Core sets of outcome measures include the domains of the illness under study considered crucial to assess in clinical trials. The OMERACT process will endorse core sets only when the following requirements are met: (1) the set includes the key domains of illness; (2) there is at least one validated assessment tool available for each domain; and (3) there is international consensus for adoption and application of the core set. Assessment tools are considered valid only if they have been demonstrated to fulfill the 3 levels of the OMERACT filter: truth, discrimination, and feasibility12.

This report reviews the domains of illness in AAV included in the OMERACT core set, describes the instruments validated to measure these domains, and presents the approved core set.

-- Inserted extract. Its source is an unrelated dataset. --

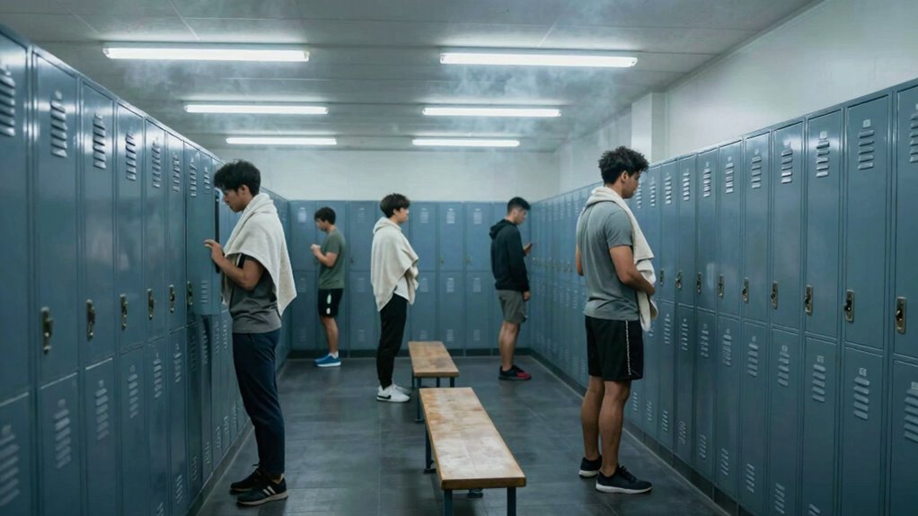 In shared cold exposure spaces like gyms, clubs, and community centers, respecting others is key. Always practice good hygiene by showering beforehand, disinfecting equipment, and using personal towels. Keep noise levels low to avoid disturbing others, communicate clearly about your plans, and seek permission when sharing gear. Stay aware of personal boundaries, maintain cleanliness, and be attentive to individual comfort and safety needs. Continuing guarantees you’ll learn more tips to create a respectful and enjoyable environment for everyone.

CORE SET DOMAIN: DISEASE ACTIVITY ASSESSMENT

Determining disease activity in vasculitis is complex because there is no single biomarker to evaluate the heterogeneous, multisystem nature of vasculitis. Disease activity encompasses remission (complete absence of disease activity), response (quantifiable improvement in disease activity), and relapse (increase in disease activity from a previous low or absent state), which are used as outcomes in clinical trials1,2,3,4,5. Remission, durable remission, and relapse are used as primary outcomes in many studies evaluating induction and maintenance therapy; thus, assessing disease activity is crucial to conducting clinical trials in vasculitis.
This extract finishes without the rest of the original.